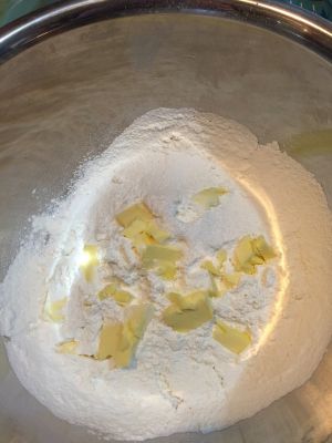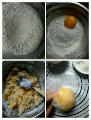100克低粉筛盆里,一克盐,蛋黄和液化黄油加进去搅拌,放进保鲜袋揉成团,放冰箱冷藏30分钟
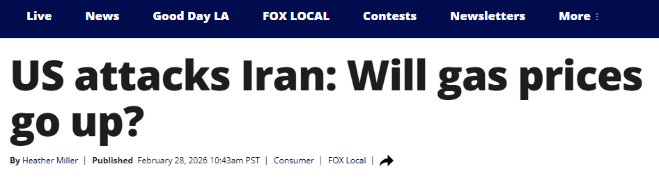据Fox报道 美国和以色列对伊朗的军事打击可能扰乱全球市场。如果冲突持续时间较长,石油及其他能源价格很可能随之上涨。
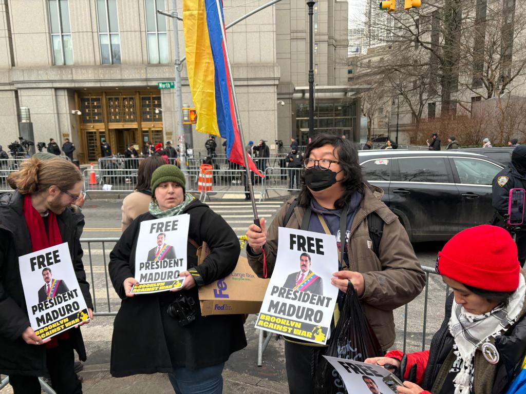 庭內有抗辯,庭外有抗議。美國紐約南區聯邦法院外,抗議者聚集,他們高呼口號,舉着“釋放馬杜羅”“不要向委內瑞拉開戰”等標語橫幅。
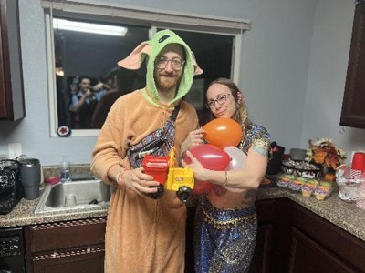 This gorgeous two-piece genie costume is a magical pick for any costume party. The crop-top buttons up the front and is trimmed with gold coins. The matching pants have a short zipper down the back to make slipping into these pants easy. A mysterious gold-trimmed veil tops off this mythical look, tying around the back of your head to keep it in place.
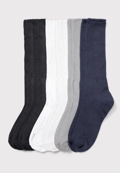 Stockings provide the perfect finishing touch to your look and they keep you warm and cozy when it’s cold out. In our collection, you’ll discover an incredible range of styles in different colors and patterns to choose from. Black hosiery coordinates with all of your favorite clothes and shoes while sheer stockings lend a polished touch to every outfit. Add a little flair to your look with a pair of patterned tights or make a statement with tights in a bright, bold hue. Make every day a little more comfortable with our collection of extra-wide socks. We have everything you need to upgrade your sock wardrobe, including bright colorful pairs, simple solids and specialty styles made to control moisture, improve circulation and reduce swelling. Now it’s easier than ever to give your legs a little love with plus size stockings and extra wide socks that fit and flatter.
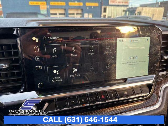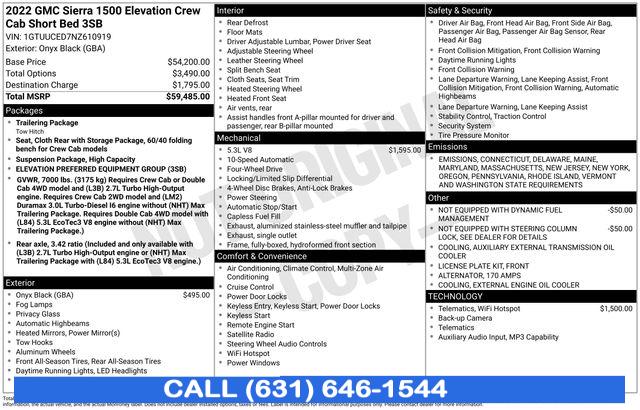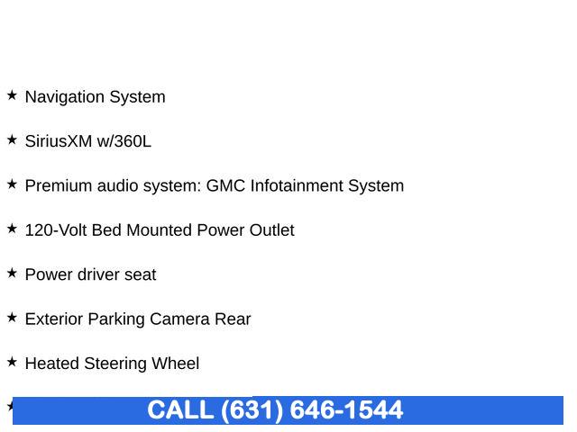 Navigation System, Cloth Rear Seat w/Storage Package, High Capacity Suspension Package, Preferred Equipment Group 3SB, Trailering Package, 6 Speakers, 6-Speaker Audio System Feature, AM/FM radio: SiriusXM with 360L, Premium audio system: GMC Infotainment System, Radio data system, Radio: Premium GMC Infotainment Audio System, SiriusXM w/360L, Steering Wheel Audio Controls, Air Conditioning, Automatic temperature control, Electric Rear-Window Defogger, Front dual zone A/C, Rear window defroster, 120-Volt Bed Mounted Power Outlet, 120-Volt Instrument Panel Power Outlet, Power driver seat, Power Front Windows w/Driver Express Up/Down, Power Front Windows w/Passenger Express Down, Power Rear Windows w/Express Down, Power steering, Power windows, Push Button Start, Remote keyless entry, Remote Vehicle Starter System, Steering wheel mounted audio controls, Auto-Locking Rear Differential, Manual Tilt-Wheel & Telescoping Steering Column, Speed-sensing steering, Traction control, 4-Wheel Disc Brakes, ABS brakes, Dual front impact airbags, Dual front side impact airbags, Electrical Steering Column Lock, Emergency communication system: OnStar and GMC Connected Services capable, Front anti-roll bar, Front wheel independent suspension, Keyless Open & Start, Low tire pressure warning, Not Equipped w/Steering Column Lock, Occupant sensing airbag, Overhead airbag, Power Door Locks, Brake assist, Electronic Stability Control, Exterior Parking Camera Rear, Auto High-beam Headlights, Delay-off headlights, Front fog lights, Fully automatic headlights, 3 Years of OnStar & Connected Services Plan, Panic alarm, Security system, Theft Deterrent System (Unauthorized Entry), Speed control, 170 Amp Alternator, 220 Amp Alternator, Auxiliary External Transmission Oil Cooler, External Engine Oil Cooling, Not Equipped w/Dynamic Fuel Management, Body Color Header w/Gloss Black Mesh Grille Bars, Bumpers: body-color, Front License Plate Kit, Heated door mirrors, IntelliBeam Automatic High Beam On/Off, LED Cargo Area Lighting, Power door mirrors, Rear step bumper, 2 Charge/Data USB Ports, 2 Type-C Charge-Only Rear USB Ports, Apple CarPlay/Android Auto, Automatic Emergency Braking, Buckle to Drive, Cloth Seat Trim, Color-Keyed Carpeting Floor Covering, Compass, Driver door bin, Driver vanity mirror, Following Distance Indicator, Forward Collision Alert, Front Pedestrian Braking, Front reading lights, Front Rubberized-Vinyl Floor Mats, GMC Connected Access Capable, HD Rear Vision Camera, Heated Steering Wheel, Heated steering wheel, Illuminated entry, Lane Keep Assist w/Lane Departure Warning, OnStar & GMC Connected Services Capable, Outside temperature display, Overhead console, Passenger vanity mirror, Rear reading lights, Rear Rubberized-Vinyl Floor Mats, Rear seat center armrest, Tachometer, Telescoping steering wheel, Tilt steering wheel, Trip computer, Voltmeter, Wi-Fi Hotspot Capable, Wireless Phone Projection, 10-Way Power Driver Seat Adjuster w/Lumbar, 4-Way Manual Passenger Seat Adjuster, Front 40/20/40 Split-Bench Seat, Heated Driver & Front Outboard Passenger Seating, Heated front seats, Split folding rear seat, Front Center Armrest w/Storage, Passenger door bin, Front Frame-Mounted Black Recovery Hooks, Hitch Guidance, Alloy wheels, Wheels: 20" x 9" High Gloss Black Painted Aluminum, Deep-Tinted Glass, Variably intermittent wipers
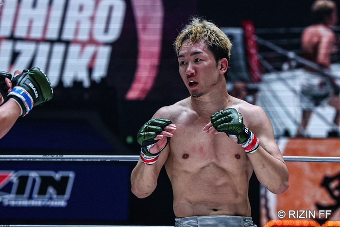 そして、「景色も変わってきたと思うんで、またべルトに絡んでいくような相手とやりたいと思います。まだまだ強くなれると思います。だいぶ成長したんだ、俺、この1年で。フェザー級のベルトって俺のために作られたベルトなんで、獲りに行きたいと思います。シェイドゥラエフとかね、めちゃめちゃ強かったけど全然俺はいけると思うんで。俺の格闘技の才能が1番あると思ってるんで。また新しい章の始まりです。皆さん楽しみにしててください」と、自分の成長を確信し、再びRIZINフェザー級のベルトを目指して戦っていきたいと告げた。
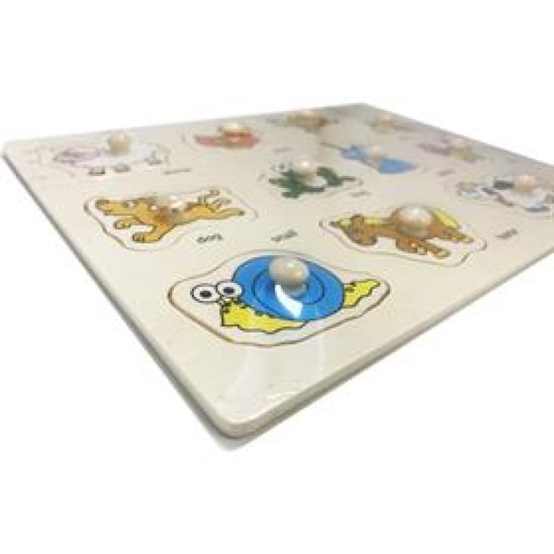 Brinquedo Pedagogico Madeira Encaixe Divertido com Pinos - Animais- Toy Mix
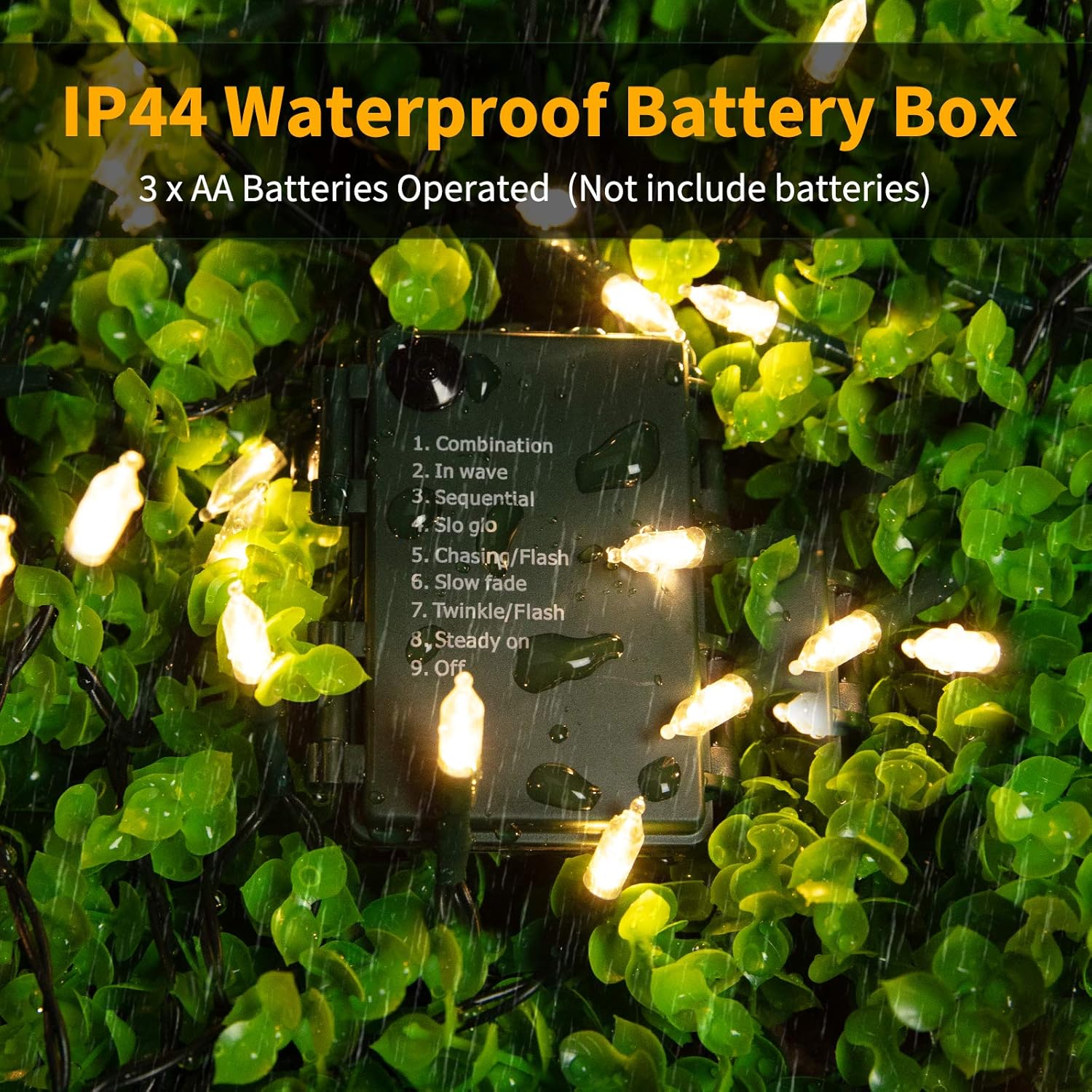 - 【Manual operation】There is 8 various fantastic lighting effects adapting to desired occasions or events: press the button on control box repeatedly to select 1.combination, 2.in wave, 3.sequential, 4.slow glow, 5.chasing or flash, 6.slow fade, 7.twinkle or flash or 8.steady on
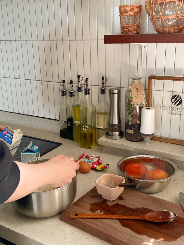피자 먹고 싶다하니 도우만들고 있는 남편 ·̑◡·̑
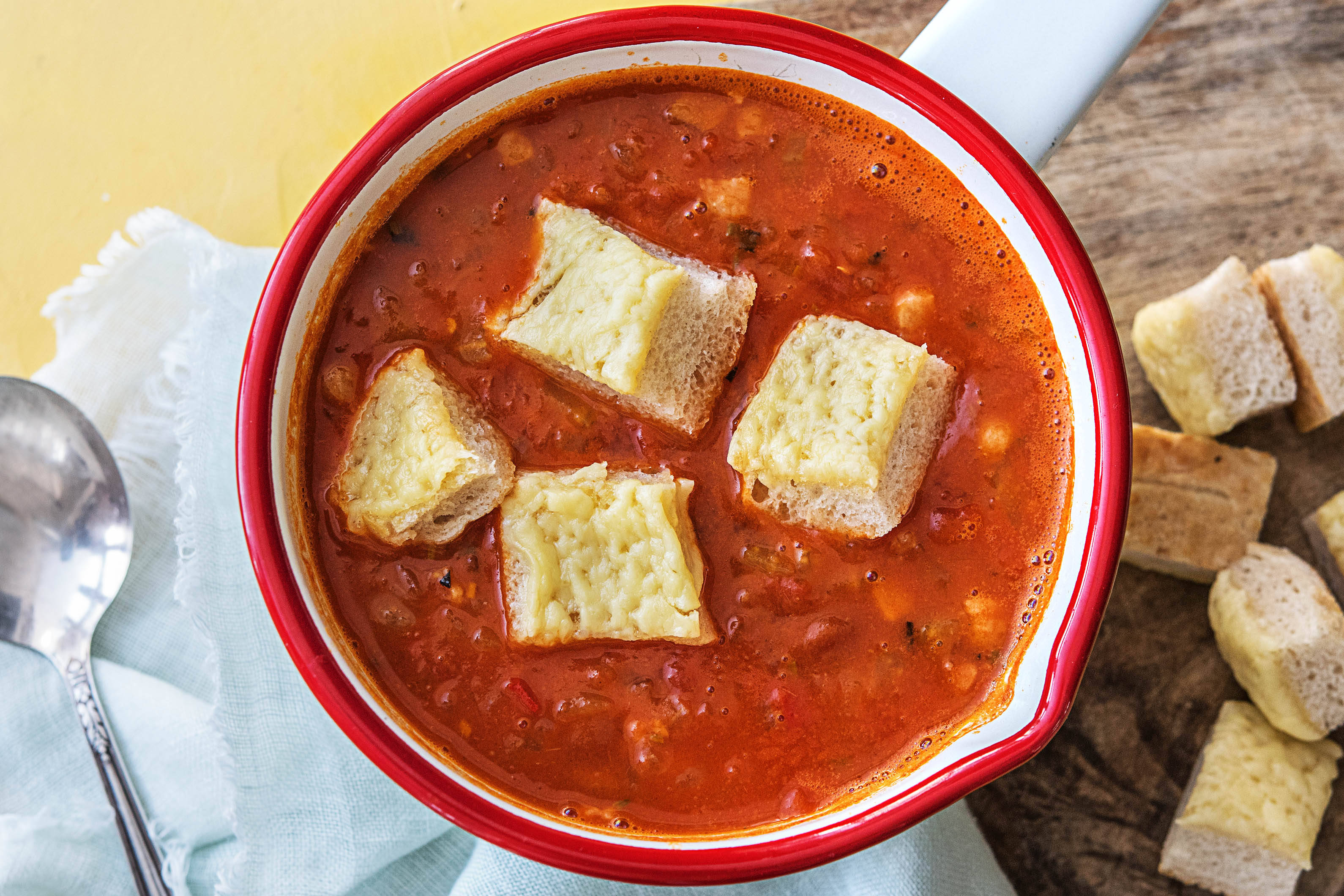 Die Hälfte des geraspelten Hartkäses in die Soße hineinrühren und mit Salz* und Pfeffer* abschmecken. Beiseitestellen.

------------------------------------

Please set down, word for word, the lines starting at the line that holds "そして、「景色も変わってきた" and running to the end of the listing, with no pictures.

*Exercise response*
 そして、「景色も変わってきたと思うんで、またべルトに絡んでいくような相手とやりたいと思います。まだまだ強くなれると思います。だいぶ成長したんだ、俺、この1年で。フェザー級のベルトって俺のために作られたベルトなんで、獲りに行きたいと思います。シェイドゥラエフとかね、めちゃめちゃ強かったけど全然俺はいけると思うんで。俺の格闘技の才能が1番あると思ってるんで。また新しい章の始まりです。皆さん楽しみにしててください」と、自分の成長を確信し、再びRIZINフェザー級のベルトを目指して戦っていきたいと告げた。
 Brinquedo Pedagogico Madeira Encaixe Divertido com Pinos - Animais- Toy Mix
 - 【Manual operation】There is 8 various fantastic lighting effects adapting to desired occasions or events: press the button on control box repeatedly to select 1.combination, 2.in wave, 3.sequential, 4.slow glow, 5.chasing or flash, 6.slow fade, 7.twinkle or flash or 8.steady on
피자 먹고 싶다하니 도우만들고 있는 남편 ·̑◡·̑
 Die Hälfte des geraspelten Hartkäses in die Soße hineinrühren und mit Salz* und Pfeffer* abschmecken. Beiseitestellen.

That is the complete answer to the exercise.